Barclays Capital analyst Andrew Lazar said the company’s volumes in the second quarter “remind us that, perhaps not surprisingly, Post is still a work in progress”.

In a note to clients today, he wrote: “Seven per cent volume declines in the company’s largest brands are clearly not sustainable over the long-term.”

With the lower volumes from Post’s largest brands, Lazar said the company’s “less prominent” brands had been behind the increase in second-quarter volumes and added: “We believe incremental third party manufacturing contracts likely provided a substantial boost to volume in the quarter. We suspect investors will be a bit less enthused with this, particularly given the more volatile nature of co-manufactured sales relationships as well as a lower gross margin relative to Post’s branded offerings. And, given seasonality in the business, we would expect the contribution to be less impactful going forward.”

However, the Barclays Capital analyst said Post’s second quarter “was more about gaining incremental distribution behind the Honey Bunches of Oats Greek Yogurt line extension”, which he said could boost the company’s top line. An ad push, he said, also improved shipments of Honey Bunches of Oats. “As such, it would appear Post is carrying a bit of momentum into its fiscal 3Q, which could augur well for back -half results.”

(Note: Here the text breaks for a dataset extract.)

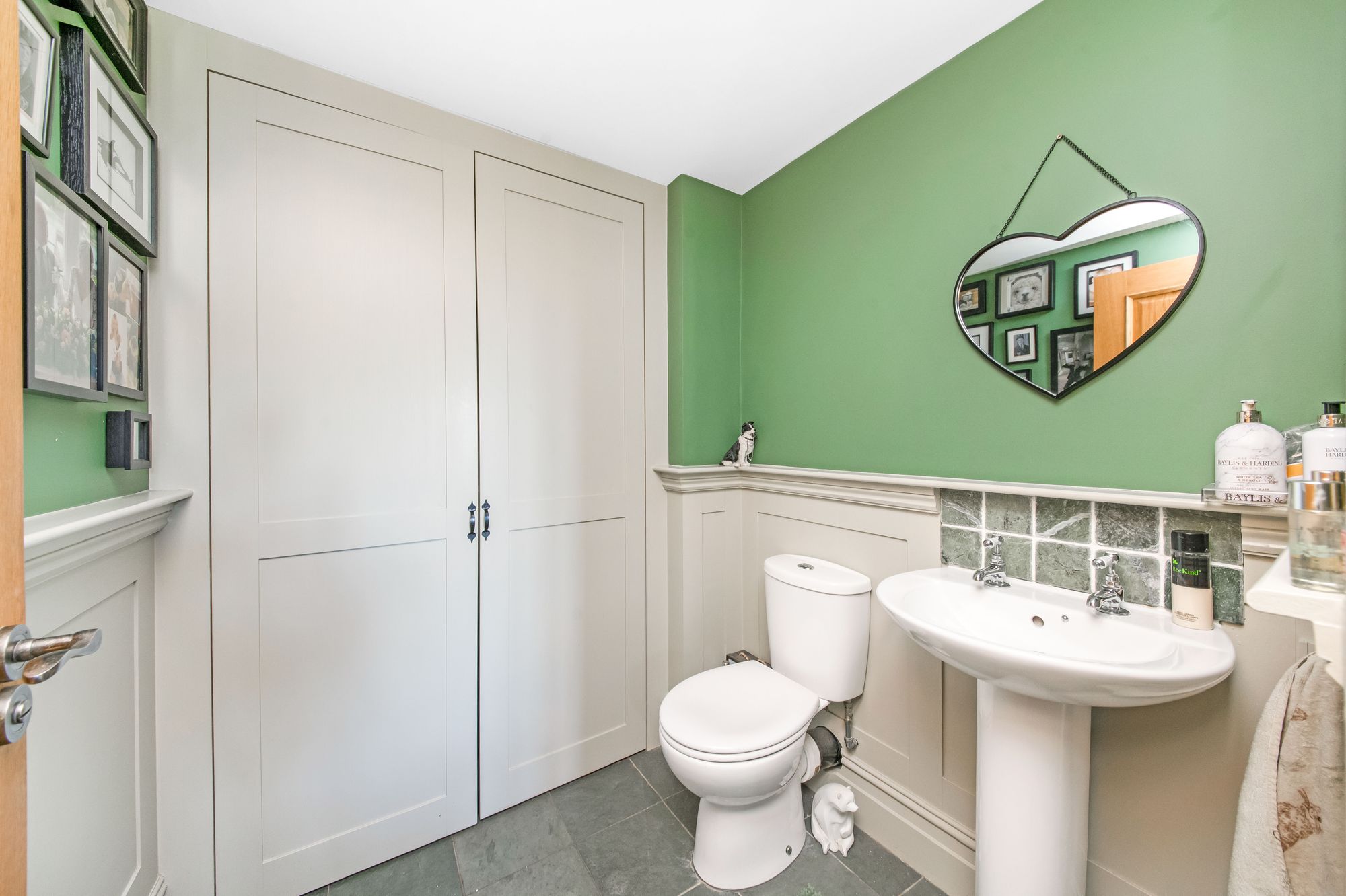 DOWNSTAIRS W.COnce again, with cloaks cupboards, ceramic tiled flooring, dado panelling to the half-height, low level W.C, pedestal wash hand basin and inset spotlighting to the ceiling.

Post reported a 3% fall in second-quarter gross margins amid lower selling prices, higher grain costs and the impact of increased co-packed sales. The company also incurred higher trade spending behind new products.

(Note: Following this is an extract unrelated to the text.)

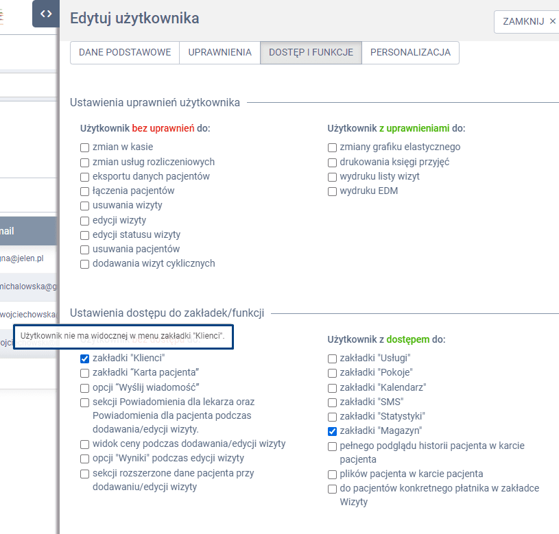 Możliwość wyłączenia dostępności zakładki KLIENCI dla wybranych użytkowników. #

However, Lazar argued margins would be less affected by trade spending in the months ahead with Post’s “most significant innovation” occuring in the first half of the year.

He added: “While fiscal 2Q results were disappointing in an absolute sense, the good news, in our view, is that fiscal 2H results should more closely resemble fiscal 1H overall, rather than specifically the fiscal second quarter (and perhaps show a bit of improvement, all-in).”